### [Assignment]
What you return should be the complete data below, word for word, with no pictures in it.

### [The data]
....
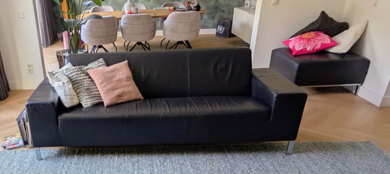 Scopri l'eleganza senza tempo del divano e del pouf Gelderland 6511, un complemento perfetto per qualsiasi interno moderno. Rivestito in pregiata pelle nera, questo set coniuga stile e comfort. La base cromata aggiunge un tocco di moderna raffinatezza, rendendolo una scelta versatile per una varietà di stili d'interni.
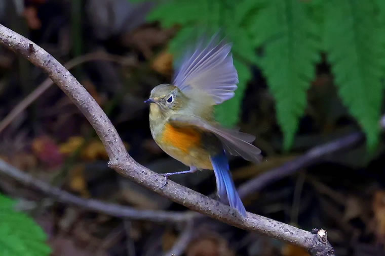 若オスは尾の青味が強く、脇のオレンジ色部は広く濃い色、翼角に青味があります。
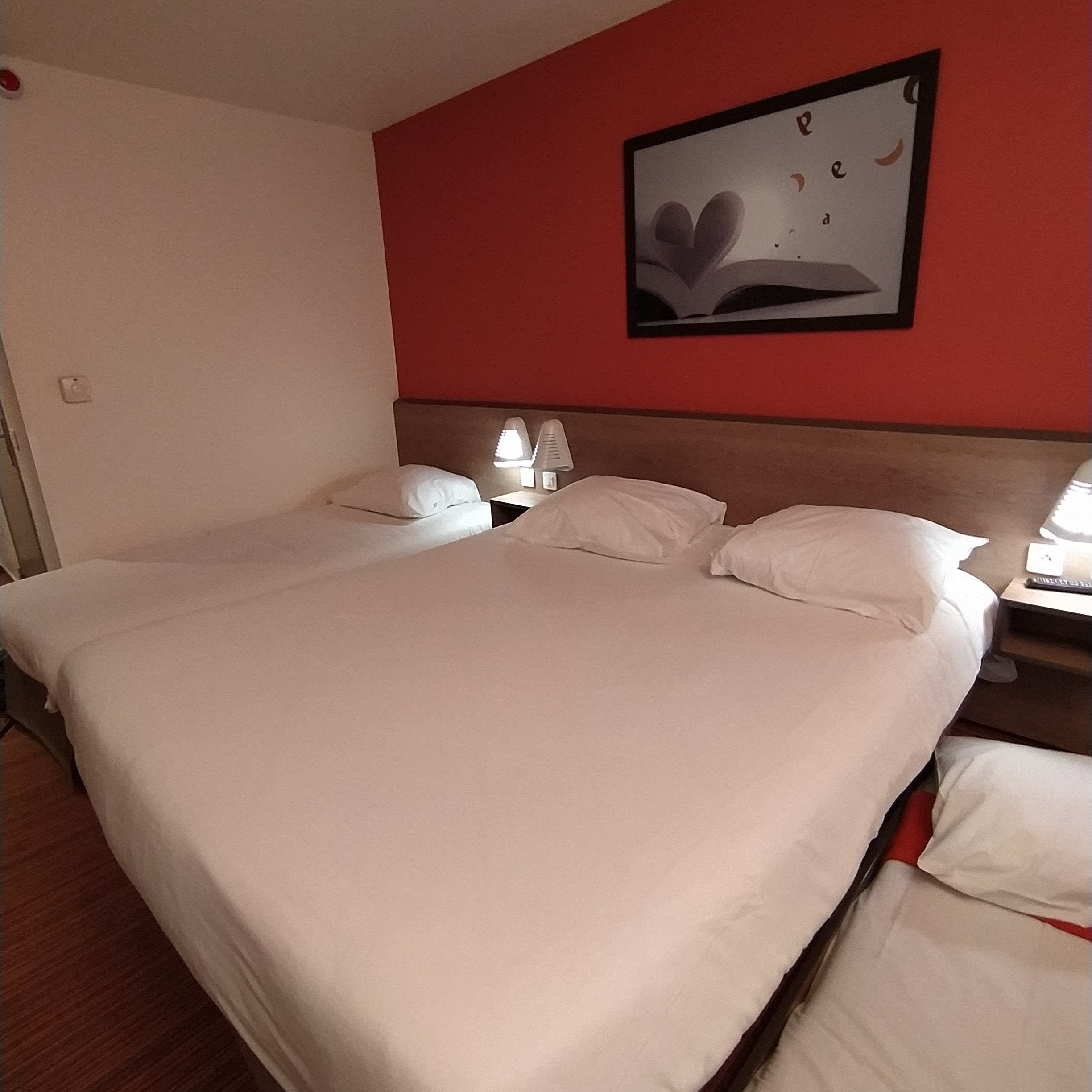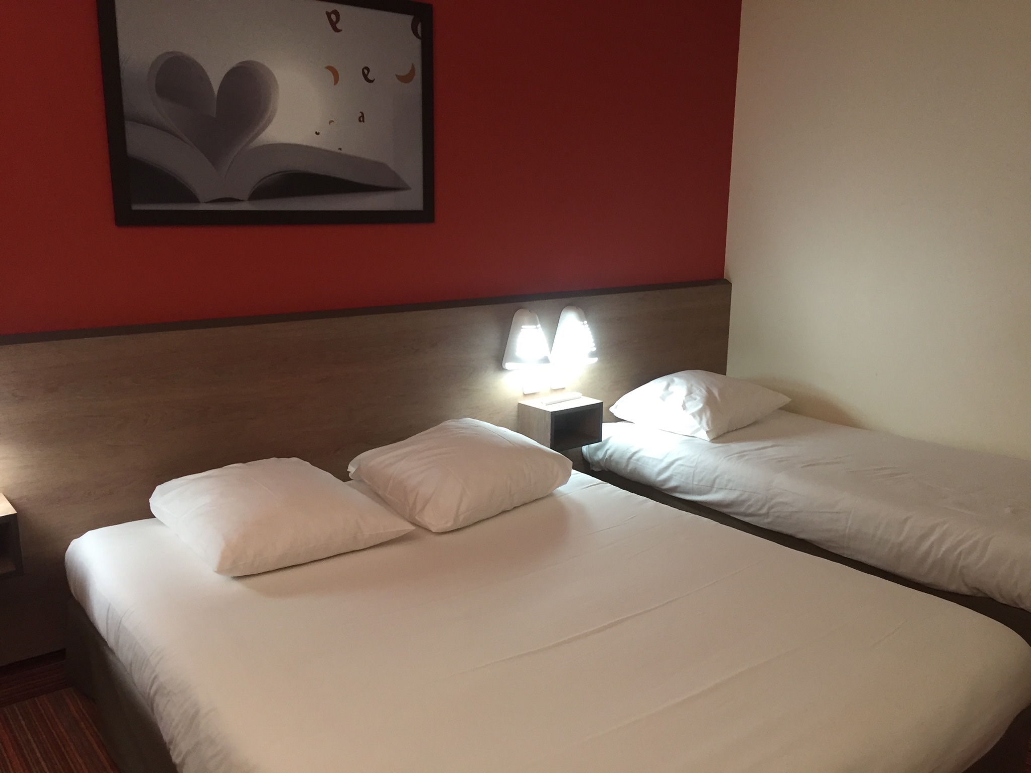 Arrivés à l’hôtel, l’ascenseur étant en panne, nous avons été obligés de monter nos valises jusqu’au 3ème étage ! Une fois dans la chambre quadruple, nous ne voyons pas le 4ème lit. Il n’était absolument pas visible, et pour cause, placé plus bas que le troisième lit et il était trop court pour mon fils qui mesure à peu près 163cm, ce qui fait qu’il a passé sa nuit les pieds hors du lit et à se cogner les genoux dans les chaises. Détail qui n’était indiqué ni lors de la réservation ni sur les photos ! Heureusement, le petit déjeuner était bien (même s’il n'y avait plus de jus d’orange) et l’emplacement nous convenait. Le personnel était sympathique.
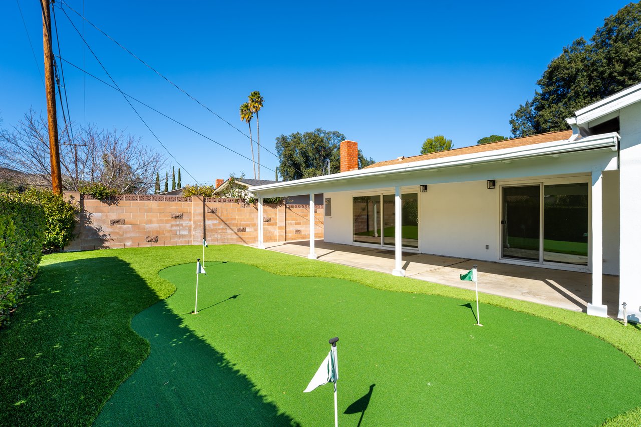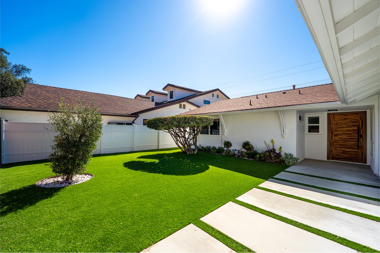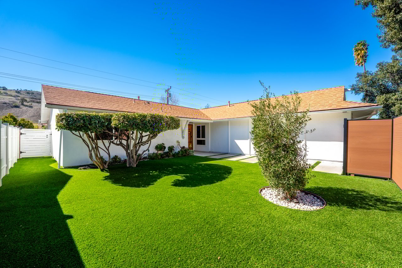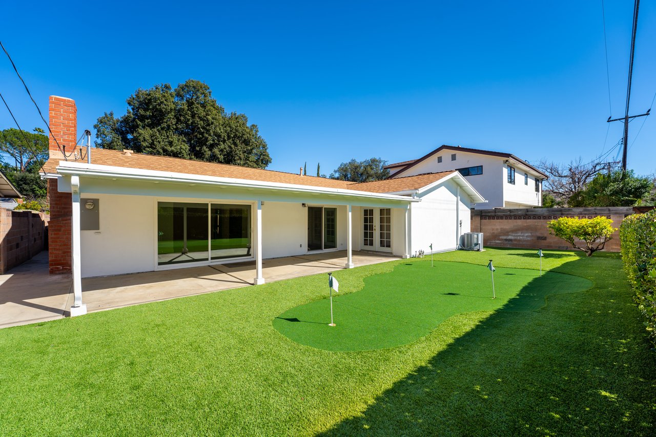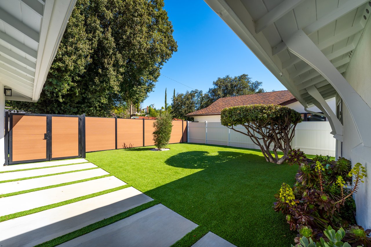 Modern elegance meets thoughtful design in this beautifully updated 4-bedroom, 3-bathroom home. Featuring recessed lighting, double-paned windows and sliders, and stylish wood-like flooring throughout, this home offers a bright and contemporary atmosphere. The front and back yards are wrapped in low-maintenance artificial turf, complementing the brick-inlaid driveway and sleek concrete pavers for impressive curb appeal. Step through the custom artistic wood front door with a modern black keypad lock into a light-filled interior. The open layout flows effortlessly from the dining room to the spacious living room, where a sleek modern fireplace creates a cozy ambiance. The contemporary kitchen showcases white shaker cabinets, quartz countertops, and stainless-steel appliances. Designed for seamless indoor-outdoor living, the covered patio extends the entertainment space while providing shade. The backyard is a true retreat, complete with a putting green and a lower-level area brimming with potential, surrounded by sun-dappled trees. The bathrooms continue the modern aesthetic with black accents, quartz countertops, and LED-lit mirrors are perfect for makeup application. Two bathrooms feature walk-in showers with rain shower heads, handheld sprayers, and sleek, full-length shampoo ledges, while the third offers a shower/tub combo with a handheld shower head. A gleaming white laundry room with washer and dryer hookups is conveniently located off the large 2-car garage, which provides ample storage space. This home is a perfect blend of style, comfort, and functionality don't miss the opportunity to make it yours.
....
### [Exercise answer]
 Scopri l'eleganza senza tempo del divano e del pouf Gelderland 6511, un complemento perfetto per qualsiasi interno moderno. Rivestito in pregiata pelle nera, questo set coniuga stile e comfort. La base cromata aggiunge un tocco di moderna raffinatezza, rendendolo una scelta versatile per una varietà di stili d'interni.
 若オスは尾の青味が強く、脇のオレンジ色部は広く濃い色、翼角に青味があります。
 Arrivés à l’hôtel, l’ascenseur étant en panne, nous avons été obligés de monter nos valises jusqu’au 3ème étage ! Une fois dans la chambre quadruple, nous ne voyons pas le 4ème lit. Il n’était absolument pas visible, et pour cause, placé plus bas que le troisième lit et il était trop court pour mon fils qui mesure à peu près 163cm, ce qui fait qu’il a passé sa nuit les pieds hors du lit et à se cogner les genoux dans les chaises. Détail qui n’était indiqué ni lors de la réservation ni sur les photos ! Heureusement, le petit déjeuner était bien (même s’il n'y avait plus de jus d’orange) et l’emplacement nous convenait. Le personnel était sympathique.
 Modern elegance meets thoughtful design in this beautifully updated 4-bedroom, 3-bathroom home. Featuring recessed lighting, double-paned windows and sliders, and stylish wood-like flooring throughout, this home offers a bright and contemporary atmosphere. The front and back yards are wrapped in low-maintenance artificial turf, complementing the brick-inlaid driveway and sleek concrete pavers for impressive curb appeal. Step through the custom artistic wood front door with a modern black keypad lock into a light-filled interior. The open layout flows effortlessly from the dining room to the spacious living room, where a sleek modern fireplace creates a cozy ambiance. The contemporary kitchen showcases white shaker cabinets, quartz countertops, and stainless-steel appliances. Designed for seamless indoor-outdoor living, the covered patio extends the entertainment space while providing shade. The backyard is a true retreat, complete with a putting green and a lower-level area brimming with potential, surrounded by sun-dappled trees. The bathrooms continue the modern aesthetic with black accents, quartz countertops, and LED-lit mirrors are perfect for makeup application. Two bathrooms feature walk-in showers with rain shower heads, handheld sprayers, and sleek, full-length shampoo ledges, while the third offers a shower/tub combo with a handheld shower head. A gleaming white laundry room with washer and dryer hookups is conveniently located off the large 2-car garage, which provides ample storage space. This home is a perfect blend of style, comfort, and functionality don't miss the opportunity to make it yours.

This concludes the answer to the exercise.